Purpose of the Indonesian Red Cross
In general, PMI aims to prevent and alleviate suffering and protect victims, regardless of religion, nation, ethnicity, skin colour, gender, class, and political views.
The duties of the Indonesian Red Cross (PMI) are as follows:
– Help victims of armed conflicts, riots and others
– Providing blood services in accordance with statutory provisions
– Conduct volunteer training
– Carry out education and training related to Red Cross Affairs
– Disseminate information related to Red Cross Affairs activities
– Assisting in handling disasters and/or disasters at home and abroad
– Assist in the provision of health and social services
– Carry out other humanitarian tasks given by the government
– This is information about the history of PMI from time to time that needs to be known. Hope it is useful.
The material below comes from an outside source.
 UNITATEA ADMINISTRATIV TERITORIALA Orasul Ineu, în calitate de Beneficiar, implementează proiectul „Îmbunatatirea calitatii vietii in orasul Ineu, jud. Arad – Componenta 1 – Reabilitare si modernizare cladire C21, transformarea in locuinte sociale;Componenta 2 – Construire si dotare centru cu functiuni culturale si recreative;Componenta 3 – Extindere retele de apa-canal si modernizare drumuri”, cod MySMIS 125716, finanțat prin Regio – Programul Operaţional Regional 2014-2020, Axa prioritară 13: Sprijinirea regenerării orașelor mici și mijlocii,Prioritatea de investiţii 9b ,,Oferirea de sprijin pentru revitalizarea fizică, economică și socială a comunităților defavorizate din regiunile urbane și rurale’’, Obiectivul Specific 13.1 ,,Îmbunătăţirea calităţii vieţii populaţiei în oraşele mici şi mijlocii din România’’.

The Indonesian Red Cross (IRCI) introduced as well as provided education on international humanitarian law (IHL) to journalists on duty in the City and District of Sukabumi, West Java.
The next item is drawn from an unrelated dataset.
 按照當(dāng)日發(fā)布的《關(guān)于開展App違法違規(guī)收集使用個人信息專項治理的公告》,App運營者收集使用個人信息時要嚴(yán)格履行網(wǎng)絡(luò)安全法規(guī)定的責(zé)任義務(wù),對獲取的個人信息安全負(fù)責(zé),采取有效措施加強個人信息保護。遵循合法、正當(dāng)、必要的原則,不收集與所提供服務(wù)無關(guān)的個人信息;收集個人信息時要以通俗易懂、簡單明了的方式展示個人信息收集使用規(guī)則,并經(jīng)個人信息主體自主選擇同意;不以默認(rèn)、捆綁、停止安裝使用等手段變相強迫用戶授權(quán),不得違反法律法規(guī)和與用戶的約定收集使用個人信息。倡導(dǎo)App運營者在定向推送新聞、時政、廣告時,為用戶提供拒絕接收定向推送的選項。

“Introducing and educating journalists about IHL is very important to increase understanding of assignments in disaster and conflict areas,” said Head of Media Relations at IRCI’s Public Relations and International Affairs Bureau, Anggun Permana
Sidiq in Sukabumi, Monday. He explained that such training is routinely carried out by PMI and the International Committee of the Red Cross (ICRC) in areas prone to both conflict and disaster, one of which is Sukabumi, which is a disaster-prone area.
In addition, PMI and ICRC chose to hold a training entitled Media Safety for Journalists, because from the results of the data collection, journalists who work in the City and Regency of Sukuma are productive in terms of reporting. Therefore, with the synergy and collaboration between journalists and IRCI, it is hoped that it can assist in the dissemination of humanitarian information.
In addition, the main purpose of this activity is so that journalists who cover, especially in conflict-prone and disaster-prone areas, can understand their duties. In several
countries that are in conflict, such as war, journalists are often the target of violence from the two warring factions. Therefore, with education about IHL journalists when reporting does not become victims.
“Journalists are part of civil society who have the right to be protected in conditions of conflict. Crisis coverage conditions are not only wars but also disasters,” he added. Anggun hopes that after attending this training, journalists assigned by her company to cover the conflict areas will be prevented from unwanted things, because safety is above all.